- What to work on: For this exercise, restate every line below word for word and drop the images.

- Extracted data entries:

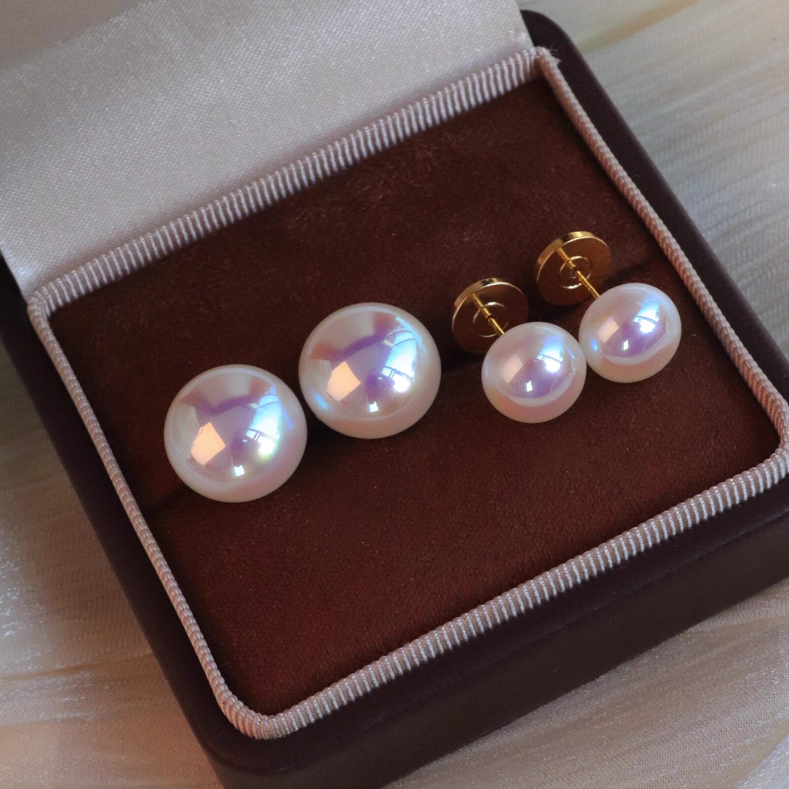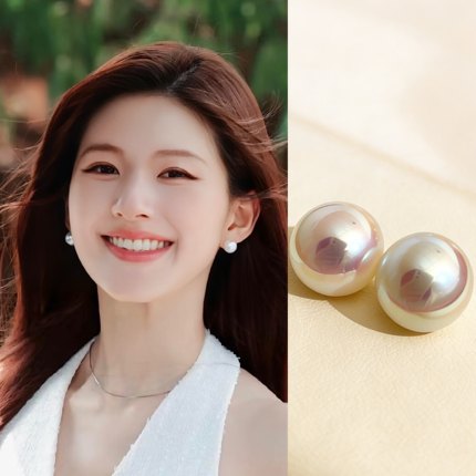 【情人节礼物】海水天女人造馒头珍珠樱粉925银耳钉女轻奢耳饰女
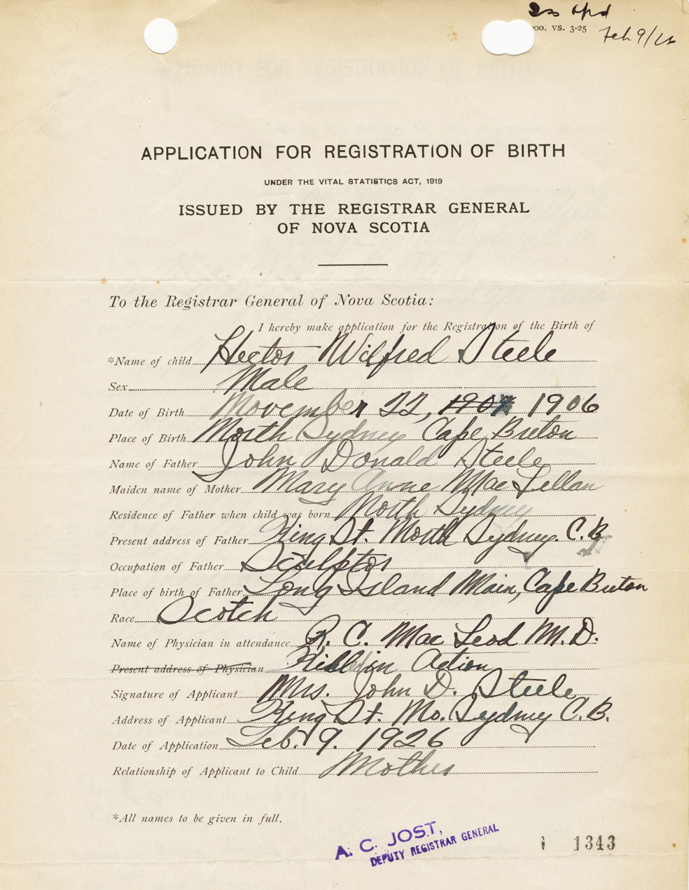 I hereby make application for the Registration of Birth of Hector WilfredSteele Sex Male
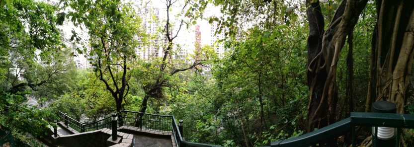 Your journey is not done yet, but it’s time to go back to the staircase and continue on your way. Right in front of you, guarding the bottom entrance of the stairs is a Camphor, not particular large or old, but covered in vines so it looks like its wearing a green sweater despite the Hong Kong heat.
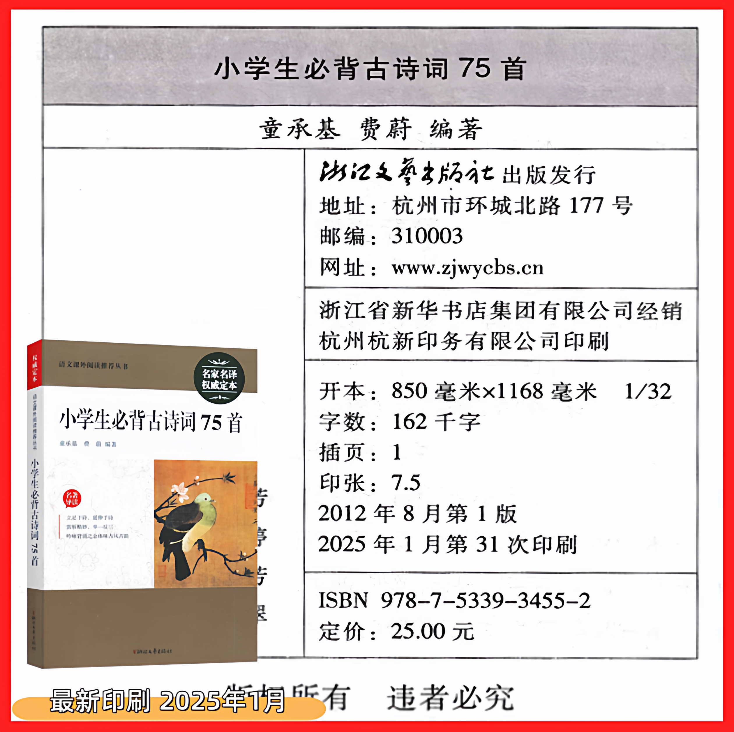 2026版 小学生必背古诗词75首 注音注释版 部编版 名著导读 全文翻译 义务教育语文推荐篇目课程新课标古诗文古诗词大全浙江文艺
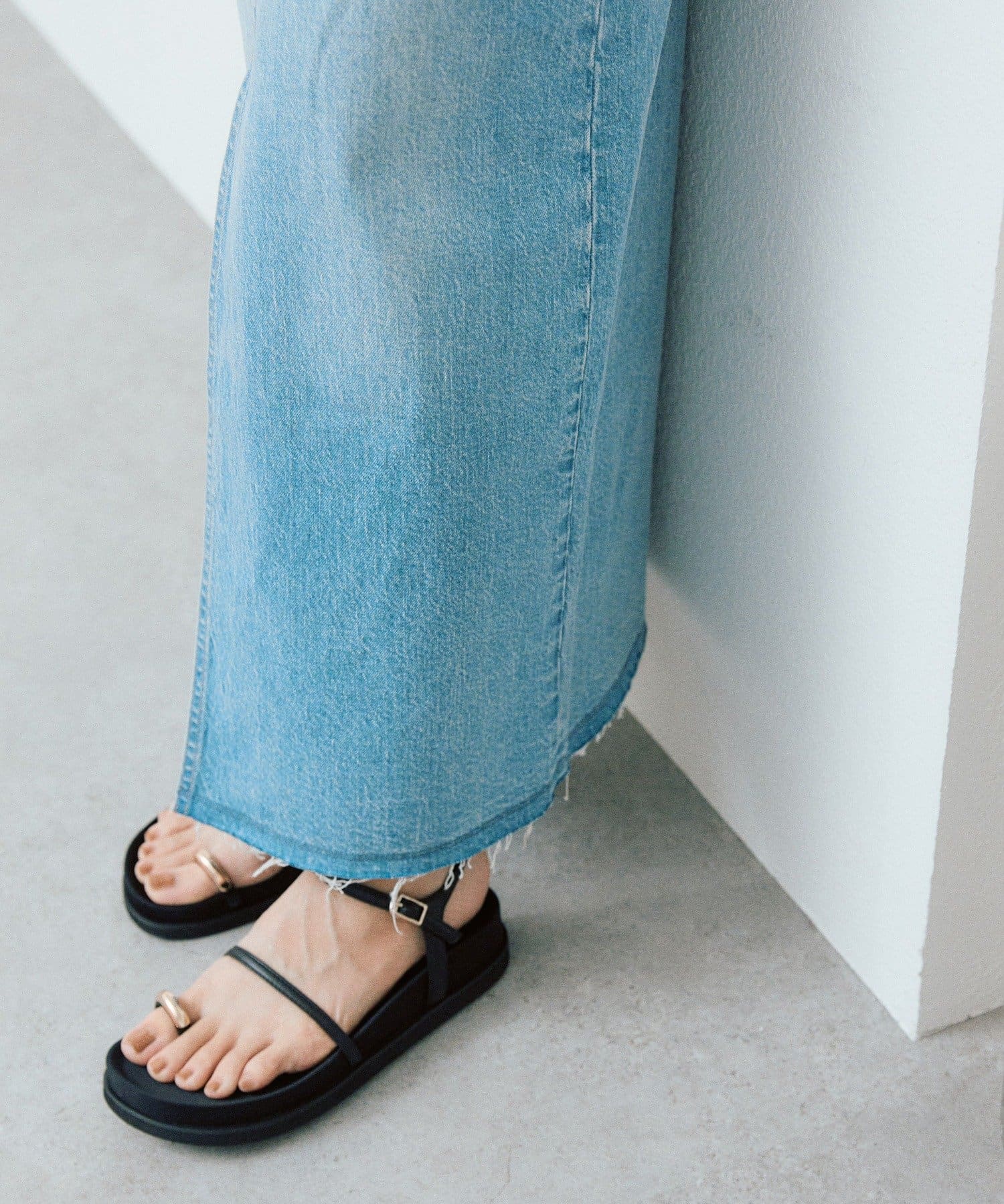 ・裾は切りっぱなしの使用で軽快な印象に
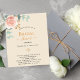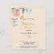 Een beige achtergrond. Versierd met een rozen gouden en blozend roze bloemblaadje, rozen bloemblaadjes en groene watergekleurde eucalyptusbladeren, takjes, groen en een nepgouden tak. Personaliseer en voeg de naam van de bruid toe om te zijn en feestdetails. Zwarte en goudkleurige letters. 1 vel = 1 uitnodiging afgedrukt rand tot rand.
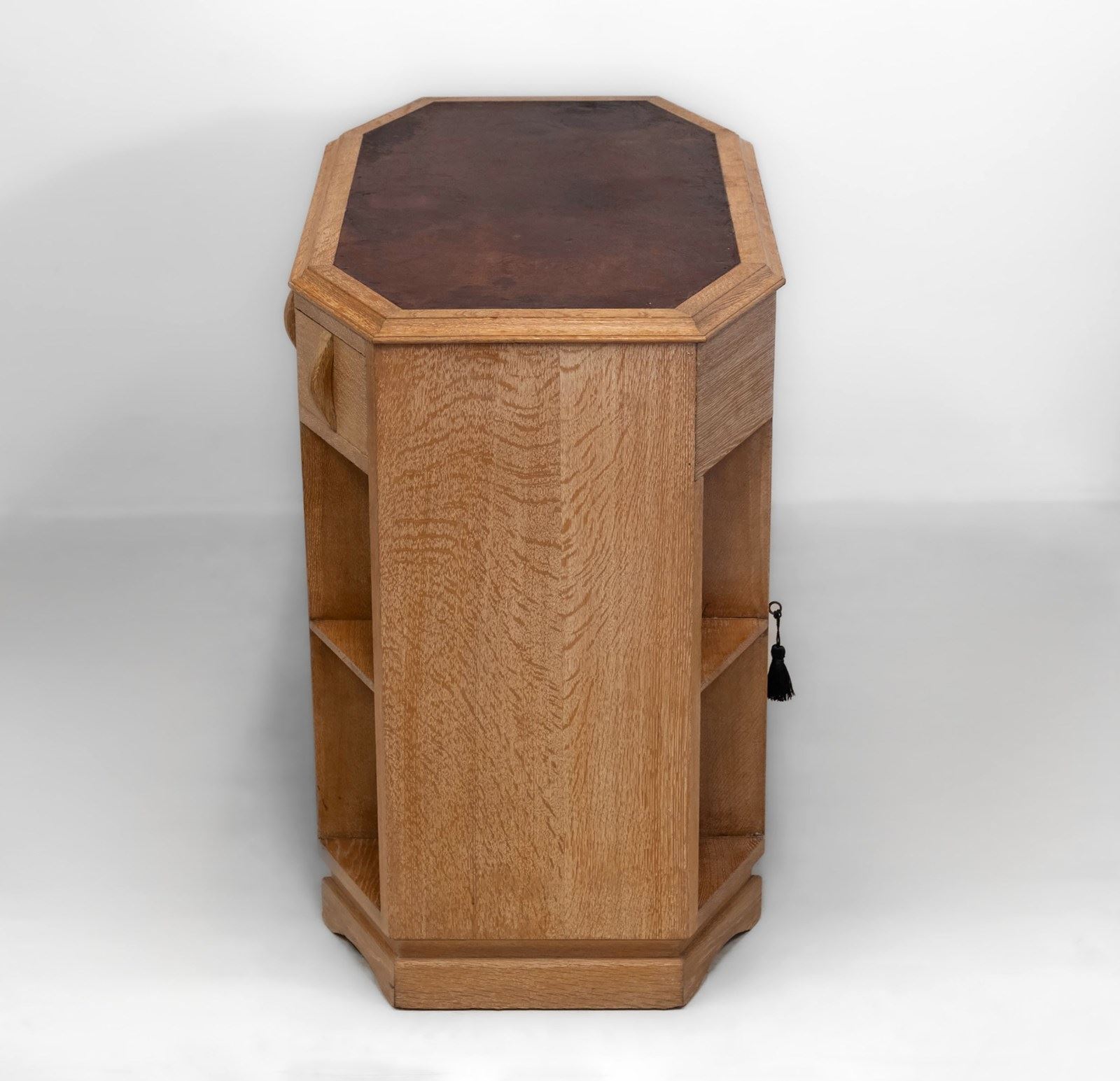 Art Deco Heal's octagonal limed oak writing desk/double sided open bookcase with leather inset top. Labelled. Circa 1930.

- Result:
 【情人节礼物】海水天女人造馒头珍珠樱粉925银耳钉女轻奢耳饰女
 I hereby make application for the Registration of Birth of Hector WilfredSteele Sex Male
 Your journey is not done yet, but it’s time to go back to the staircase and continue on your way. Right in front of you, guarding the bottom entrance of the stairs is a Camphor, not particular large or old, but covered in vines so it looks like its wearing a green sweater despite the Hong Kong heat.
 2026版 小学生必背古诗词75首 注音注释版 部编版 名著导读 全文翻译 义务教育语文推荐篇目课程新课标古诗文古诗词大全浙江文艺
 ・裾は切りっぱなしの使用で軽快な印象に
 Een beige achtergrond. Versierd met een rozen gouden en blozend roze bloemblaadje, rozen bloemblaadjes en groene watergekleurde eucalyptusbladeren, takjes, groen en een nepgouden tak. Personaliseer en voeg de naam van de bruid toe om te zijn en feestdetails. Zwarte en goudkleurige letters. 1 vel = 1 uitnodiging afgedrukt rand tot rand.
 Art Deco Heal's octagonal limed oak writing desk/double sided open bookcase with leather inset top. Labelled. Circa 1930.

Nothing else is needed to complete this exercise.